** Opening Excerpted records block **

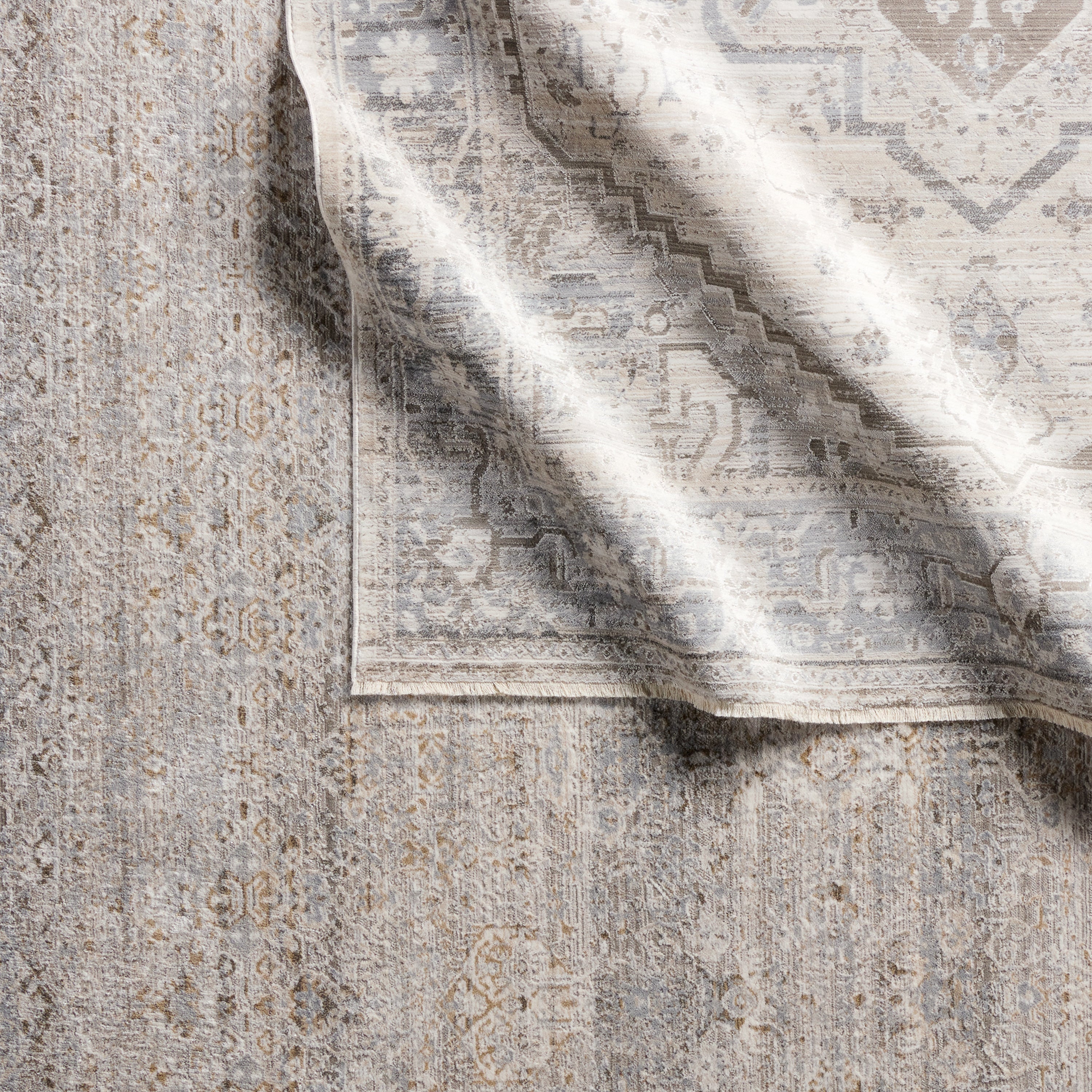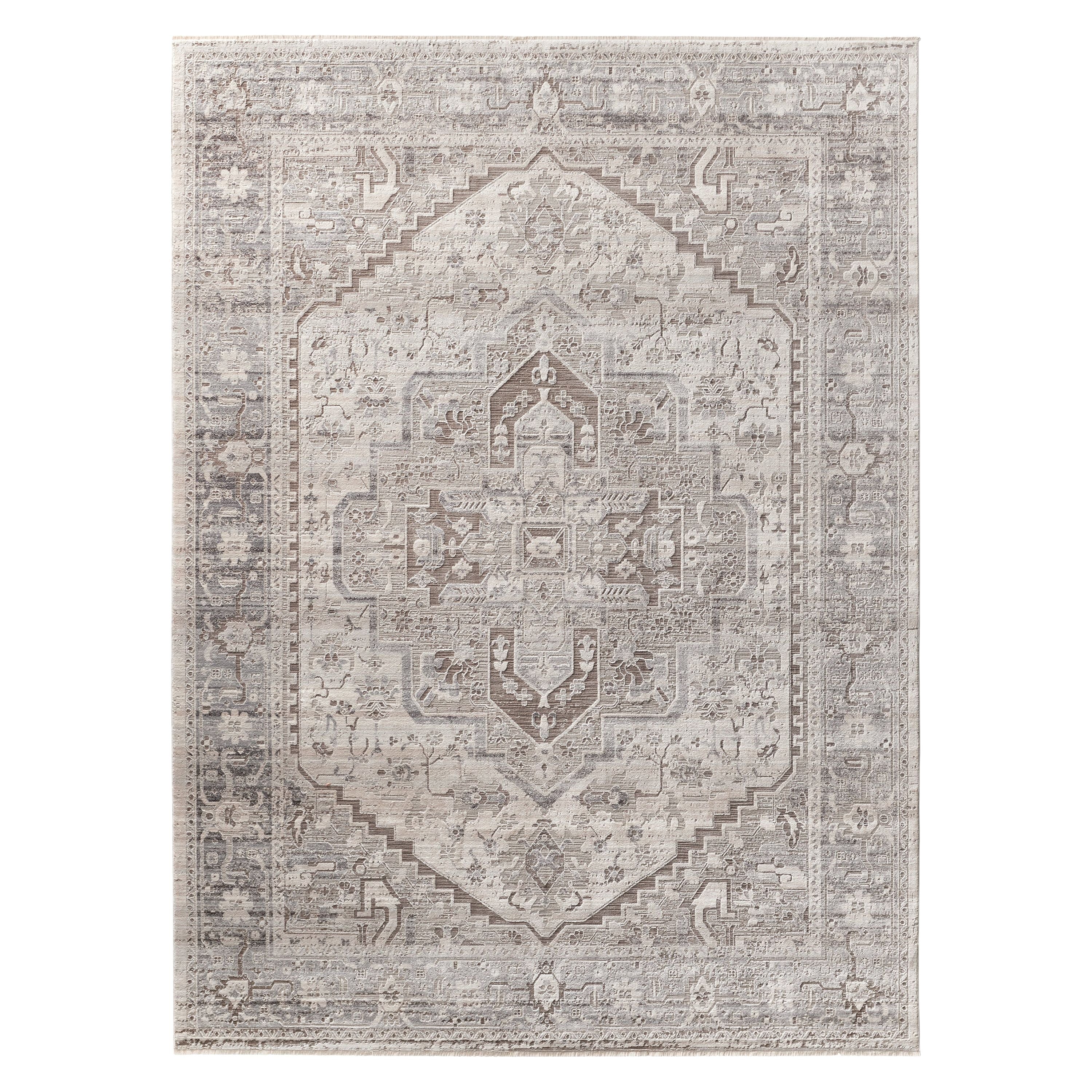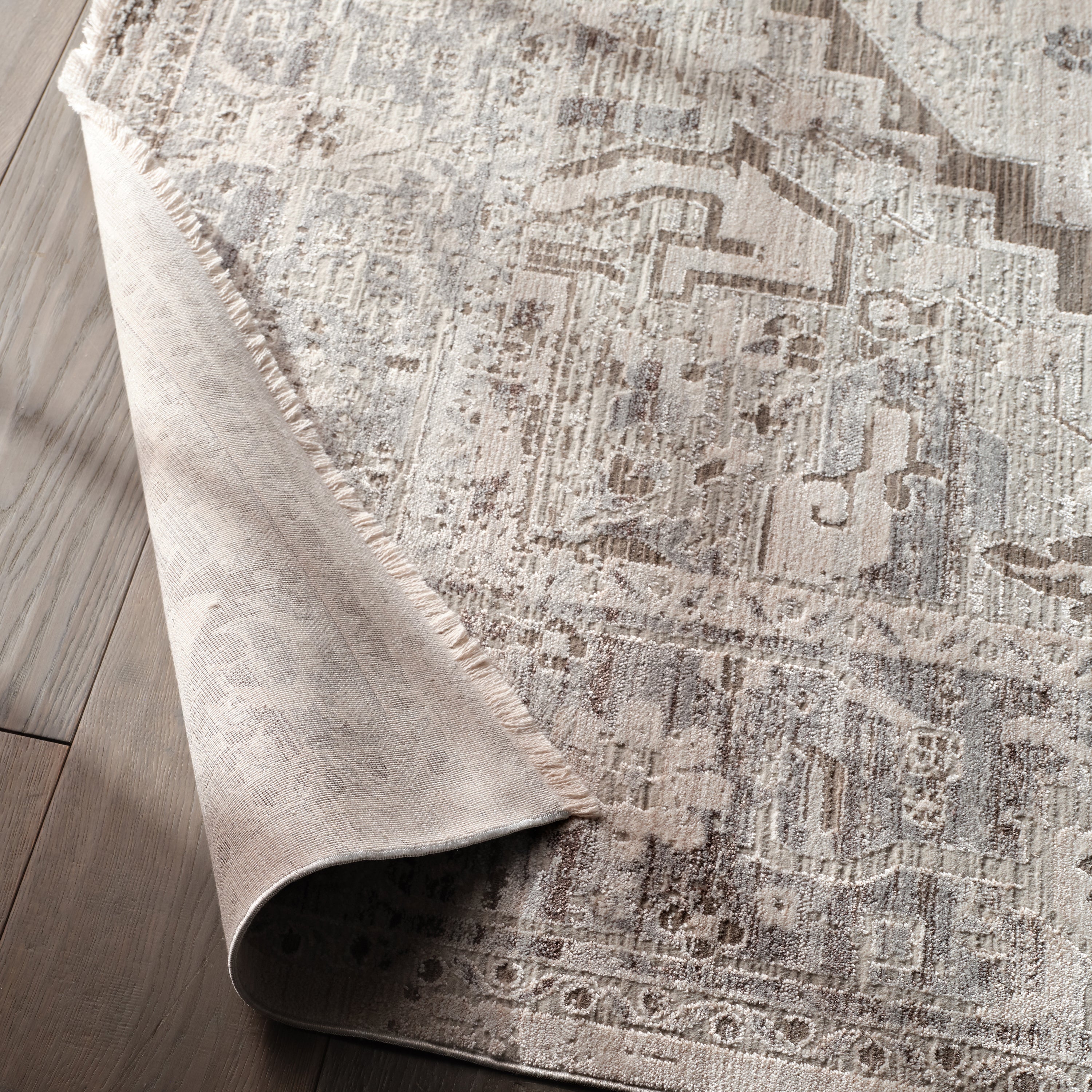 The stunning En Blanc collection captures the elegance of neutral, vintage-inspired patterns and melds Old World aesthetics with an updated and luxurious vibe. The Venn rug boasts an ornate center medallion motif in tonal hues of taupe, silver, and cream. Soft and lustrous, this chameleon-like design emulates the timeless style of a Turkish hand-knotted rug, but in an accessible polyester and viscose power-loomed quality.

** Closing Excerpted records block **
** Opening Excerpted records block **

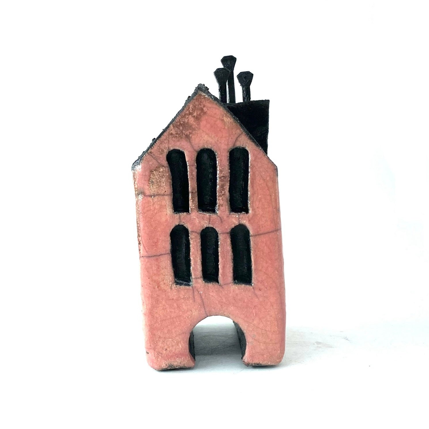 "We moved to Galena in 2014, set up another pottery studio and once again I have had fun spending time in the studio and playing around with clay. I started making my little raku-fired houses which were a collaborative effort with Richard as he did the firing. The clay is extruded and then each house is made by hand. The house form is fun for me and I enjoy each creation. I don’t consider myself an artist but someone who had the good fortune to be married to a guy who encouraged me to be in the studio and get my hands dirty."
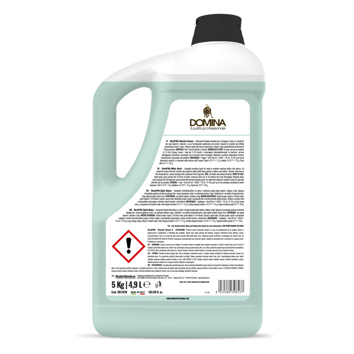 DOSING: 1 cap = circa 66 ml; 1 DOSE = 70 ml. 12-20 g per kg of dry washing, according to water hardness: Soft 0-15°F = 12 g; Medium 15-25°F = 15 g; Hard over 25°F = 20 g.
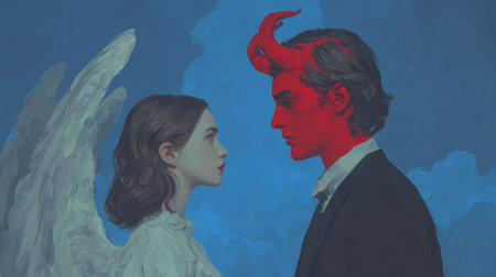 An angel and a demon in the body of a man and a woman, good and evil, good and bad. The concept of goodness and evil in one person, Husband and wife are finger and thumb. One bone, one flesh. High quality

** Closing Excerpted records block **

## What to do:
Please return the data above exactly as it stands from the line with "moved to Galena" to the line with "An angel and", keeping both of those lines but none of the pictures.

## The completed task:
 "We moved to Galena in 2014, set up another pottery studio and once again I have had fun spending time in the studio and playing around with clay. I started making my little raku-fired houses which were a collaborative effort with Richard as he did the firing. The clay is extruded and then each house is made by hand. The house form is fun for me and I enjoy each creation. I don’t consider myself an artist but someone who had the good fortune to be married to a guy who encouraged me to be in the studio and get my hands dirty."
 DOSING: 1 cap = circa 66 ml; 1 DOSE = 70 ml. 12-20 g per kg of dry washing, according to water hardness: Soft 0-15°F = 12 g; Medium 15-25°F = 15 g; Hard over 25°F = 20 g.
 An angel and a demon in the body of a man and a woman, good and evil, good and bad. The concept of goodness and evil in one person, Husband and wife are finger and thumb. One bone, one flesh. High quality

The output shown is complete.